▶ PROBLEM REQUIREMENTS:
If a record holds a picture, leave the picture out and copy everything else exactly.

▶ RECORDS SUPPLIED:

....

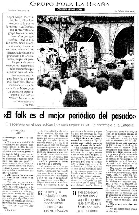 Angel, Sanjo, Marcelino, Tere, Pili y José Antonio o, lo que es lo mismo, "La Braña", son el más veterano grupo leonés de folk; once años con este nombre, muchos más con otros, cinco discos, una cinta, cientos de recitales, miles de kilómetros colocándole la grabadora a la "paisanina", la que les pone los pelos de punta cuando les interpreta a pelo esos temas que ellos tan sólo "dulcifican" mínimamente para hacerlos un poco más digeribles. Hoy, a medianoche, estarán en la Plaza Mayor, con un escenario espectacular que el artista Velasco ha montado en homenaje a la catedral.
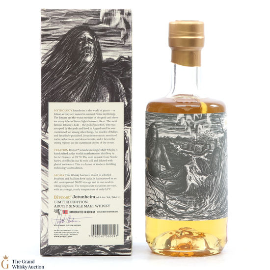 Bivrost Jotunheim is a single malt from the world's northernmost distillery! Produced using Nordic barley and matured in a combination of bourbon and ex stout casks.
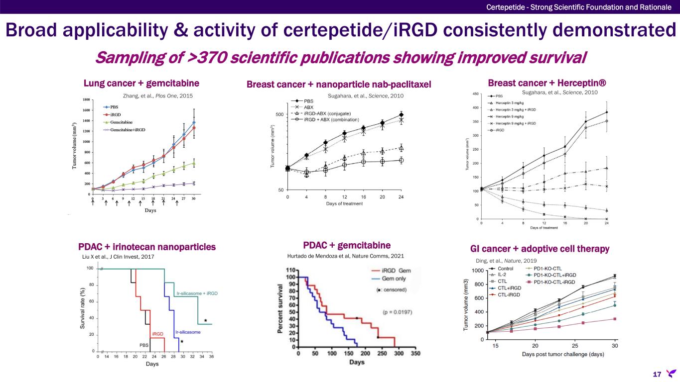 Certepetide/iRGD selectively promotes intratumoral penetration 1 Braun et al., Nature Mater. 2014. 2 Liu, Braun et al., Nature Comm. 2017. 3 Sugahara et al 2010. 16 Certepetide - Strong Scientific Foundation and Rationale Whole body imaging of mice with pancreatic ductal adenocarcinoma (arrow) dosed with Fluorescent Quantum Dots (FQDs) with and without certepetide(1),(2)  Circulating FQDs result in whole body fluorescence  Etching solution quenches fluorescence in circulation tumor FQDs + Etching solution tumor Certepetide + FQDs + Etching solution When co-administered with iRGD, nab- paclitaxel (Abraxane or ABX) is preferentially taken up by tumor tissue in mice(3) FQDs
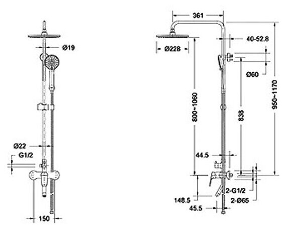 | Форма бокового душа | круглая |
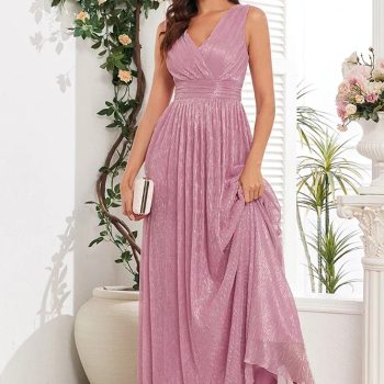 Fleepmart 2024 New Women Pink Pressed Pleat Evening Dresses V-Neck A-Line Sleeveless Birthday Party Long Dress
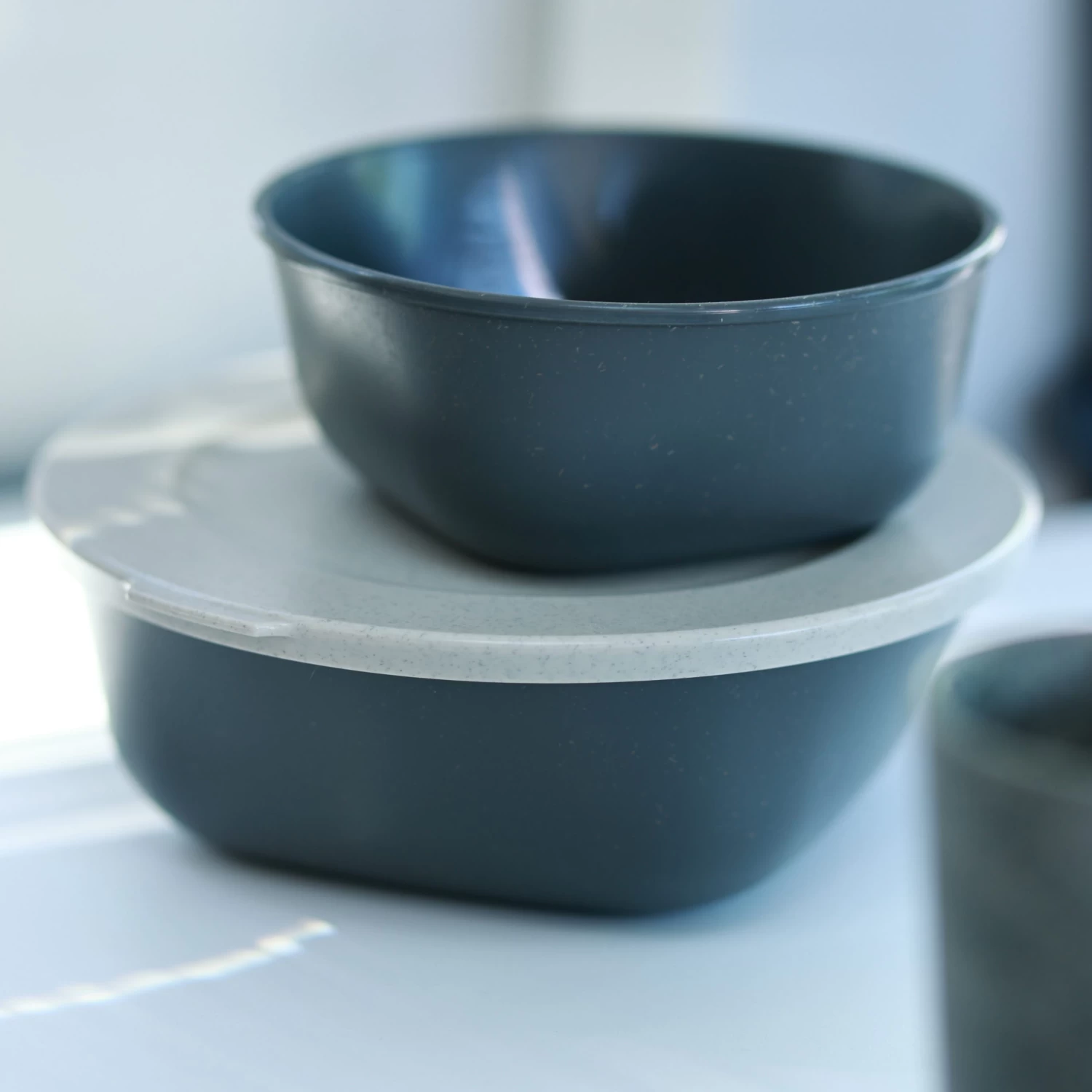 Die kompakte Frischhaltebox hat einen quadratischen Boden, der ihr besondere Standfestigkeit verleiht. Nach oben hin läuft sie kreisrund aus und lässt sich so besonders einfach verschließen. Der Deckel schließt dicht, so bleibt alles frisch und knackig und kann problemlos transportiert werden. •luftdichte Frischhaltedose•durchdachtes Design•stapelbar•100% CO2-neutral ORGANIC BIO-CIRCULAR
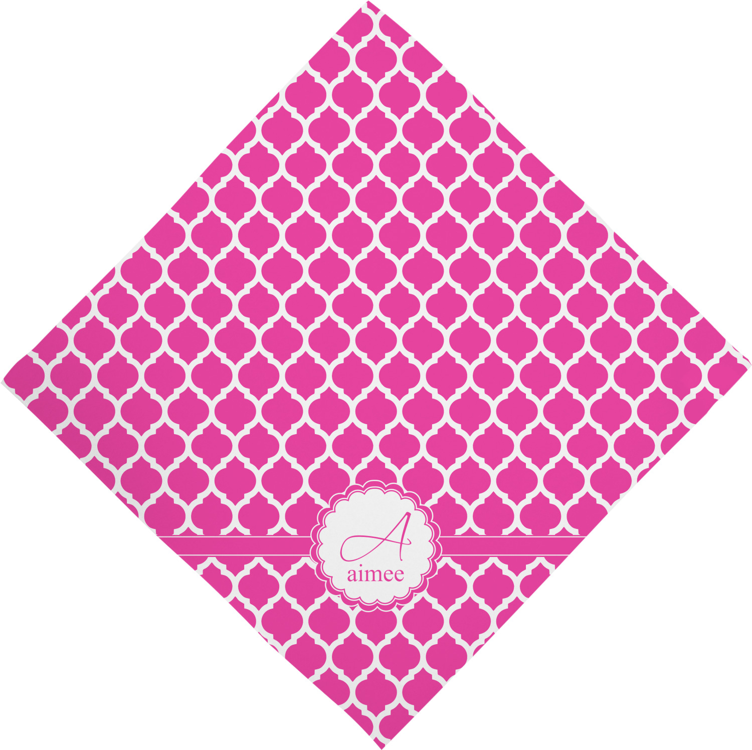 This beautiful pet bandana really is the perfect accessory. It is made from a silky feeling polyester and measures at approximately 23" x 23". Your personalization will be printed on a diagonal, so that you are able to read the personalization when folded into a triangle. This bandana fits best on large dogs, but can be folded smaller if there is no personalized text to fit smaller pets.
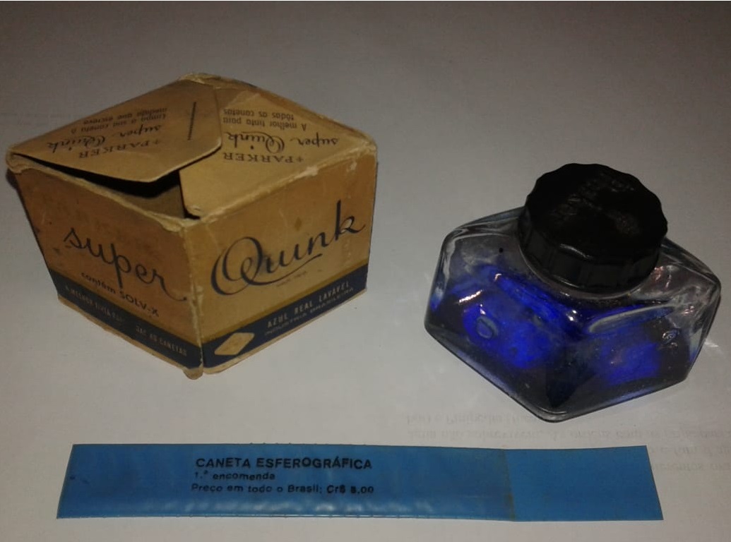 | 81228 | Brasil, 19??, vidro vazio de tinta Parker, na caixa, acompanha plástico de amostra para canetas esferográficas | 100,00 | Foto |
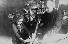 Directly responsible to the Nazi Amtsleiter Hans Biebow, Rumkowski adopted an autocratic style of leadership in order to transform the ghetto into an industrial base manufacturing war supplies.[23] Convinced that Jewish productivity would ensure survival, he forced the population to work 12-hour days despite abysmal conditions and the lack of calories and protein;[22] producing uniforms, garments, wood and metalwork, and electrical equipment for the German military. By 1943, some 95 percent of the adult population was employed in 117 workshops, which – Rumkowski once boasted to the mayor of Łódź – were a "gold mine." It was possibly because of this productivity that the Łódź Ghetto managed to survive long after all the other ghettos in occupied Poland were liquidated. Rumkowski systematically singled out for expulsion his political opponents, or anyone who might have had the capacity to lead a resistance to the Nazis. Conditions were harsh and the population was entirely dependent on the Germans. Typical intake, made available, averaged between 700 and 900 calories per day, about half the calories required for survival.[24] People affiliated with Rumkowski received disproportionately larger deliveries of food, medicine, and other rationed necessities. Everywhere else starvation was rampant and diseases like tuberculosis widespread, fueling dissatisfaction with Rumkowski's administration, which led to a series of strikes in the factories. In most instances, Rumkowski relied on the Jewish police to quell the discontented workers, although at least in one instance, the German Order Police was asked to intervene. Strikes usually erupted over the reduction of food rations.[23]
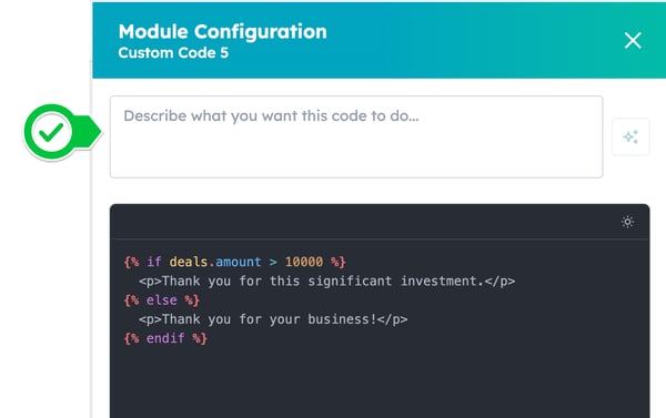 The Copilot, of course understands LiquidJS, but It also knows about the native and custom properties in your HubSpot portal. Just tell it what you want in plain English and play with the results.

....

▶ RESULT:
 Angel, Sanjo, Marcelino, Tere, Pili y José Antonio o, lo que es lo mismo, "La Braña", son el más veterano grupo leonés de folk; once años con este nombre, muchos más con otros, cinco discos, una cinta, cientos de recitales, miles de kilómetros colocándole la grabadora a la "paisanina", la que les pone los pelos de punta cuando les interpreta a pelo esos temas que ellos tan sólo "dulcifican" mínimamente para hacerlos un poco más digeribles. Hoy, a medianoche, estarán en la Plaza Mayor, con un escenario espectacular que el artista Velasco ha montado en homenaje a la catedral.
 Bivrost Jotunheim is a single malt from the world's northernmost distillery! Produced using Nordic barley and matured in a combination of bourbon and ex stout casks.
 Certepetide/iRGD selectively promotes intratumoral penetration 1 Braun et al., Nature Mater. 2014. 2 Liu, Braun et al., Nature Comm. 2017. 3 Sugahara et al 2010. 16 Certepetide - Strong Scientific Foundation and Rationale Whole body imaging of mice with pancreatic ductal adenocarcinoma (arrow) dosed with Fluorescent Quantum Dots (FQDs) with and without certepetide(1),(2)  Circulating FQDs result in whole body fluorescence  Etching solution quenches fluorescence in circulation tumor FQDs + Etching solution tumor Certepetide + FQDs + Etching solution When co-administered with iRGD, nab- paclitaxel (Abraxane or ABX) is preferentially taken up by tumor tissue in mice(3) FQDs
 | Форма бокового душа | круглая |
 Fleepmart 2024 New Women Pink Pressed Pleat Evening Dresses V-Neck A-Line Sleeveless Birthday Party Long Dress
 Die kompakte Frischhaltebox hat einen quadratischen Boden, der ihr besondere Standfestigkeit verleiht. Nach oben hin läuft sie kreisrund aus und lässt sich so besonders einfach verschließen. Der Deckel schließt dicht, so bleibt alles frisch und knackig und kann problemlos transportiert werden. •luftdichte Frischhaltedose•durchdachtes Design•stapelbar•100% CO2-neutral ORGANIC BIO-CIRCULAR
 This beautiful pet bandana really is the perfect accessory. It is made from a silky feeling polyester and measures at approximately 23" x 23". Your personalization will be printed on a diagonal, so that you are able to read the personalization when folded into a triangle. This bandana fits best on large dogs, but can be folded smaller if there is no personalized text to fit smaller pets.
 | 81228 | Brasil, 19??, vidro vazio de tinta Parker, na caixa, acompanha plástico de amostra para canetas esferográficas | 100,00 | Foto |
 Directly responsible to the Nazi Amtsleiter Hans Biebow, Rumkowski adopted an autocratic style of leadership in order to transform the ghetto into an industrial base manufacturing war supplies.[23] Convinced that Jewish productivity would ensure survival, he forced the population to work 12-hour days despite abysmal conditions and the lack of calories and protein;[22] producing uniforms, garments, wood and metalwork, and electrical equipment for the German military. By 1943, some 95 percent of the adult population was employed in 117 workshops, which – Rumkowski once boasted to the mayor of Łódź – were a "gold mine." It was possibly because of this productivity that the Łódź Ghetto managed to survive long after all the other ghettos in occupied Poland were liquidated. Rumkowski systematically singled out for expulsion his political opponents, or anyone who might have had the capacity to lead a resistance to the Nazis. Conditions were harsh and the population was entirely dependent on the Germans. Typical intake, made available, averaged between 700 and 900 calories per day, about half the calories required for survival.[24] People affiliated with Rumkowski received disproportionately larger deliveries of food, medicine, and other rationed necessities. Everywhere else starvation was rampant and diseases like tuberculosis widespread, fueling dissatisfaction with Rumkowski's administration, which led to a series of strikes in the factories. In most instances, Rumkowski relied on the Jewish police to quell the discontented workers, although at least in one instance, the German Order Police was asked to intervene. Strikes usually erupted over the reduction of food rations.[23]
 The Copilot, of course understands LiquidJS, but It also knows about the native and custom properties in your HubSpot portal. Just tell it what you want in plain English and play with the results.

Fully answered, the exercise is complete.